Eisen was born in Edo into the Ikeda family, the son of a noted calligrapher. His father, the samurai Ikeda Masahei Shigeharu, was a painter of the Kanō school as well as a talented calligrapher; Eisen's own birth name was Ikeda Yoshinobu, with the common name Zenjirō, and over his career he used numerous gō including Kokushunrō, Koizumi, Ippitsuan Kakō, Fusen Ichiin, Mumei'an and Insai Hakusui. He was apprenticed to Kanō Hakkeisai, from whom he took the name Keisai, and after the death of his father he studied under Kikukawa Eizan. His initial works reflected the influence of his mentor, but he soon developed his own style.

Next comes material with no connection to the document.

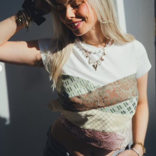 Vintage pastel strepen ZIJDEN Bandeau strik top OS- By WNDYdesign
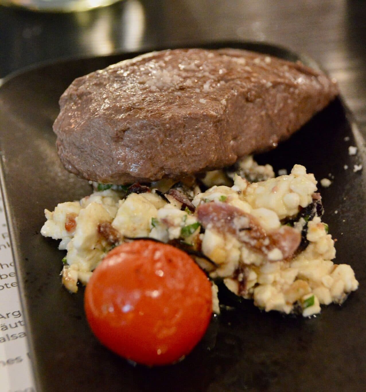 Ein solider Gang und insgesamt stimmig, leider ging durch den salzigen Feta das milde Filet etwas unter. Ich würde hier zusätzlich einfach einen charaktervollen Edelpfeffer beim Fleisch einbauen, um dem Ganzen einen zusätzlichen Kick zu verpassen.

He produced a number of surimono (prints that were privately issued), erotic prints, and landscapes, including The Sixty-nine Stations of the Kiso Kaidō. Eisen designed the series' first eleven prints, working in a Kanō-influenced style, before Hiroshige took over its completion shortly before 1843; as there is no evidence that either artist actually travelled the Kiso Kaidō route, both are thought to have based their designs on printed travel guides.

Art historians have also noted the stylistic influence of Hokusai and of Yanagawa Shigenobu I on the young Eisen. Eisen is most renowned for his bijin-ga (pictures of beautiful women) which portrayed the subjects as more worldly than those depicted by earlier artists, replacing their grace and elegance with a less studied sensuality. He produced many portraits and full-length studies depicting the fashions of the time.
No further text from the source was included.